Mai 2011

Le crépuscule des lâches

Couverture de Brazil n°40

Ou la rebelitude en carton (ou papier recyclé) du magazine Brazil. Oui, encore un papier qui confirmera pour certains notre statut d’indécrottables haters, du ciné, du monde journalistique, des critiques, et de tout ce que vous voudrez qui a trait au 7ème Art.


Et pourtant, ce n’est pas parce que cela faisait un moment que l’on avait "tapé" sur personne que cela nous démangeait et qu’il fallait bien trouver une victime expiatoire. Mais avec une couverture pareille, le numéro du mois de mai de Brazil intrigue et attise la curiosité. Forcément.

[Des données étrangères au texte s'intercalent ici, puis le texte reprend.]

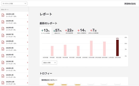 「理想の発話時間○回実施」など、特定条件の達成でトロフィーが得られる機能です。ゲーミフィケーションのノウハウを生かした定着支援機能です。

Couverture magazine Brazil
 



Une couverture qui au lieu d’arborer une photo d’un acteur ou d’un réalisateur se pare d’un slogan exprimant un mécontentement face à une production cinématographique jugée indigne de figurer sur la première page du magazine. Mazette, quelle prise de position risquée et courageuse ! Surtout si l’on considère que cela intervient pendant le mois du festival de Cannes où les photos glamour envahissent les linéaires des maisons de la presse. Donc, à en croire cette couv’, on ne devrait trouver chroniqué dans les pages intérieures que des films de merde ou à peine intéressant à voir (si vous n’avez rien d’autre à faire) et des interviews de réalisateurs sans aucune compétence et qui n’ont été interrogés que parce qu’il fallait bien imprimer quelque chose.
Vous vous en doutez, ce n’est pas du tout le cas. Certains films comme
Animal Kingdom de David Michôd, L’Homme D’A Côté de Mariano Cohn et Gaston Duprat, Juste Entre Nous de Rajko Grlic se payent le luxe de cinq étoiles (le maximum possible) tandis que La Solitude Des Nombres Premiers de Saverio Costanzo et Into Eternity de Michael Madsen récoltent quatre étoiles. Quant au reste des films critiqués, ils se partagent trois ou deux étoiles. Pas folichon mais ce ne sont quand même pas des appréciations exécrables comme la tête de mort reçue ce mois-ci par Country Strong de Shana Feste. Sans préjuger des qualités respectives de chacune de ces œuvres, et même en se limitant à un rapide coup d’œil de ces cotations étoilées, on s’aperçoit bien que les différents rédacteurs ont quand même trouvé quelques satisfactions dans ce qu’ils ont pu voir. De fait, le slogan exhibé apparaît comme une insulte envers les films bénéficiant d’un article. Des très bons films pour certains des chroniqueurs mais pas encore assez bon pour avoir les honneurs de la couverture de Brazil. Et bien, quelle exigence ! Ou devrait-on plutôt considérer cela comme une haute estime de soi ? Voire comme une attitude méprisante ?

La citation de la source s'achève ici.